What is an LLM?
A Large Language Model (LLM) is an instance of a foundation model, applied specifically to text and text-like data (such as code). LLMs are trained on large datasets of text, including books, articles, and conversations. Training these models involves using petabytes of data.
Data Scale
- 178 million words ≈ 1 GB of data
- 1 million GB ≈ 1 PB of data
Parameters
A parameter is a value the model can change independently as it learns.
Core Components of LLM
LLM = Data + Transformer Architecture + Training
Business Applications (Use Cases)
- Customer Support
- Content Articles
- Software Development (e.g., Copilot)
Foundation models are pre-trained on large amounts of unlabeled and self-supervised data.
Self-Supervised Data
Self-supervised data means the model learns from patterns in the data in a way that produces generalizable and adaptable output.
Small vs. Large Language Models
- Small Language Models (SLMs) have a small number of parameters.
- Large Language Models (LLMs) have a large number of parameters.
Examples
- Mistral 7B: 7 billion parameters (SLM)
- LLAMA 700B: 700 billion parameters (LLM)
LLM Use Cases
- Code Generation
- Document Analysis
- Multilingual Translation
Small Model Use Cases
- On-Device AI
- Everyday Summarization
- Enterprise Chatbots
What is an AI Agent?
LLMs can be part of a compound AI system, leading to the creation of AI agents.
Traditional LLMs
If you ask a traditional LLM about your remaining vacations, it might generate an incorrect answer because it does not have access to your specific data.
Compound AI Systems (RAGs)
In a compound AI system:
- Query → Search Query (LLM) → Your Database → Generate (LLM) → Answer (Correct)
This system fetches the response from your database, ensuring accuracy.
However, if the query changes (e.g., asking about the weather in Limassol), the system might fail if the dedicated path breaks.
Control Logic in Compound AI Systems
Control logic in compound AI systems is defined programmatically by a human programmer.

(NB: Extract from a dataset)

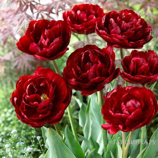 Тюльпан Анкл Том (Дядя Том) махровый 4шт - сорт высотой 45 см. Цветок махровый, пионовидный, бордово-красный с малиновым оттенком. Период цветения май.
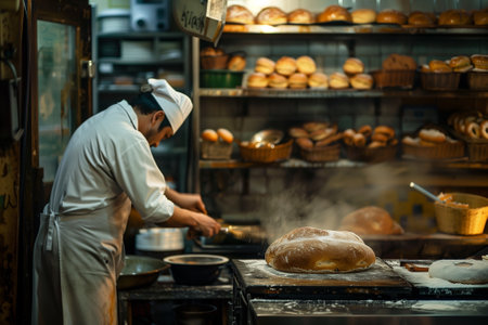 This enchanting bakery scene features an artisan baker skillfully preparing a variety of fresh bread and pastries in a rustic kitchen atmosphere. The warm lighting and aromatic smoke create a cozy ambiance.

Another approach is to put the LLM in charge of the logic, leveraging its advanced capabilities to handle complex problems and generate plans.
Agentic Approach
When LLMs control the logic, we refer to this as an agentic approach. Let's break down the components of LLM agents:
LLM Agents
- Reasoning: Ability to think
- Ability to Act: Via external tools (e.g., web search, database access, calculator, code execution)
- Access Memory
Configuring Agents
One popular method is the ReAct approach, combining reasoning and action components.
ReAct Agent Configuration
- User Query → Plan/Think (LLM) → Act (via Tool) → Observe the Answer (Iterate if Wrong) → Provide Correct Answer
Retrieval-Augmented Generation (RAG)
LLM Challenges
- No Source
- Outdated Knowledge
Addressing the Challenges
When a user prompts an LLM, it may not have the latest information. Additionally, without sources, the truthfulness of the response cannot be ensured.
RAG Framework
The RAG framework addresses these issues:
- When a user writes a prompt, the LLM queries the document to find the answer from the provided data, rather than relying solely on pre-trained information.
- A well-crafted prompt is essential to avoid hallucinations.

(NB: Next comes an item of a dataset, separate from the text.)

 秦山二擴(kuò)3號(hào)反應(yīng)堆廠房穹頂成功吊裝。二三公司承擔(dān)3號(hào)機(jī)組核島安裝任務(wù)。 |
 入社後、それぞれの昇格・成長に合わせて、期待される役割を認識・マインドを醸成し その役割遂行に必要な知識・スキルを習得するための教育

CAG (Cache Augmented Generation)
rather than querying knowledge data base for answer the core idea to preload the entire knowledge base and load these information into the context window
RAG:-
CAG:-
Example:-
Rag:- Law research papers (10000 pages of documents)
CAG:- IT help desk (Product Manual of 100page) Not frequently changing
Clinical Decision Support (Both RAG + CAG)
How can we improve the Model's Answer?
There are 3 ways
- RAG
- Fine Tuning
- prompt Engineering
Fine tuning
for this we need
- Supervised learning: training the model
- We need additional GPUs for the training
Prompt Engineering
Well, in prompt engineering, we can say that "Think Step by Step". as it has transfer architecture. It will activate the Self attention, and without RAG/Finetuning we can achieve our result.
Example:- Validate code (Wrong prompt)
Good Prompt:-
Validate code security by identifying inputs, checking memory management, and list potential vulnerabilities with their cuss scores.
We can add role into the prompt.
LangChain
LangChain is an orchestration framework for the development of applications that use large language models (LLMs), including multiple LLMs.
Modules in LangChain
-
LLM Support
- Nearly all LLMs can be added to LangChain, such as Llama2 and GPT-4.
-
Prompts
- These are instructions given to LLM models. The
PromptTemplate
class in LangChain formalizes the composition of prompts without the need to manually hard-code context and queries. - A prompt template can contain instructions like: "Don't use technical terms in your response." We can specify output format and few-shot context.
- These are instructions given to LLM models. The
-
Chains
- Chains are the core of LangChain's workflow. They combine LLMs with other components, creating applications by executing a sequence of functions.
- For example, an application might need to first retrieve data from a website, then summarize the text it gets back, and finally use that summary to answer user-submitted questions. This is a sequential chain where the output of one function acts as the input for the next function. Each function in the chain could use different prompts, parameters, and even different models (LLMs).
-
Indexes
- To achieve certain tasks, LLMs might need to access specific external data sources not included in the training dataset, such as internal documents or emails. LangChain collectively refers to these documents as indexes.
Indexes:
- Document Loader: Works with third-party applications for importing data from sources like file storage services, Dropbox, Google Drive, MongoDB, and Pandas.
- Vector Database: Represents data points by converting them into vector embeddings, which are numerical representations in the form of vectors with a fixed number of dimensions. This format is very efficient for retrieval.
- Text Splitters: Split text into small, semantically meaningful chunks that can then be combined using methods and parameters of your choosing.
-
Memory
- LLMs by default don't have long-term memory of prior conversations unless you pass the chat history as an input to your query. LangChain solves this problem with simple utilities for adding memory to your application.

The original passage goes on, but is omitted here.